Your copy should hold only the lines from the one with "This will be" to the one with "Śliniak kangurek posiada", both included, each exactly as it stands below, with no pictures.

★ ★ ★ ★

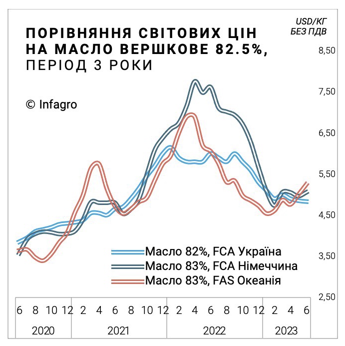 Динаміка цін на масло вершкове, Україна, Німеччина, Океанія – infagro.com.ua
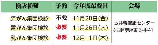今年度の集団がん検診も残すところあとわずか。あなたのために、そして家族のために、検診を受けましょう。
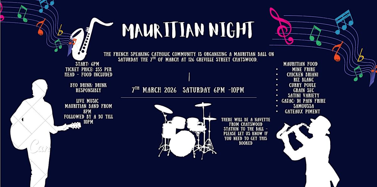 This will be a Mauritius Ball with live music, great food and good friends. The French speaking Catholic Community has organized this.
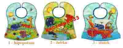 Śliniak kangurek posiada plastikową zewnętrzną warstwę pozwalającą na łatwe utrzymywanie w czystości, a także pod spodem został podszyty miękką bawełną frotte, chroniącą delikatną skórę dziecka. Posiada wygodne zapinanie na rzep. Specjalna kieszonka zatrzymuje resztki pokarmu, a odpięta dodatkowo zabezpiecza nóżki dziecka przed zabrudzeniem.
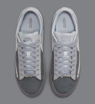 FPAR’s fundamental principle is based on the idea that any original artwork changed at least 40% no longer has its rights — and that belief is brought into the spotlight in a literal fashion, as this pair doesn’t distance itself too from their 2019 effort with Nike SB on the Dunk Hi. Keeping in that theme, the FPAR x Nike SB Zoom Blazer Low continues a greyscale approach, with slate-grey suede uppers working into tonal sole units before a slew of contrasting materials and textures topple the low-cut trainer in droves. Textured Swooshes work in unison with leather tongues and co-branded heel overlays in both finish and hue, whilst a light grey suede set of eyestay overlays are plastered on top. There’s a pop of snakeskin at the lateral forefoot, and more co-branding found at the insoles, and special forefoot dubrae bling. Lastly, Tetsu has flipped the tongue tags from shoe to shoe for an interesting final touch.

★ ★ ★ ★

### Exercise result
 This will be a Mauritius Ball with live music, great food and good friends. The French speaking Catholic Community has organized this.
 Śliniak kangurek posiada plastikową zewnętrzną warstwę pozwalającą na łatwe utrzymywanie w czystości, a także pod spodem został podszyty miękką bawełną frotte, chroniącą delikatną skórę dziecka. Posiada wygodne zapinanie na rzep. Specjalna kieszonka zatrzymuje resztki pokarmu, a odpięta dodatkowo zabezpiecza nóżki dziecka przed zabrudzeniem.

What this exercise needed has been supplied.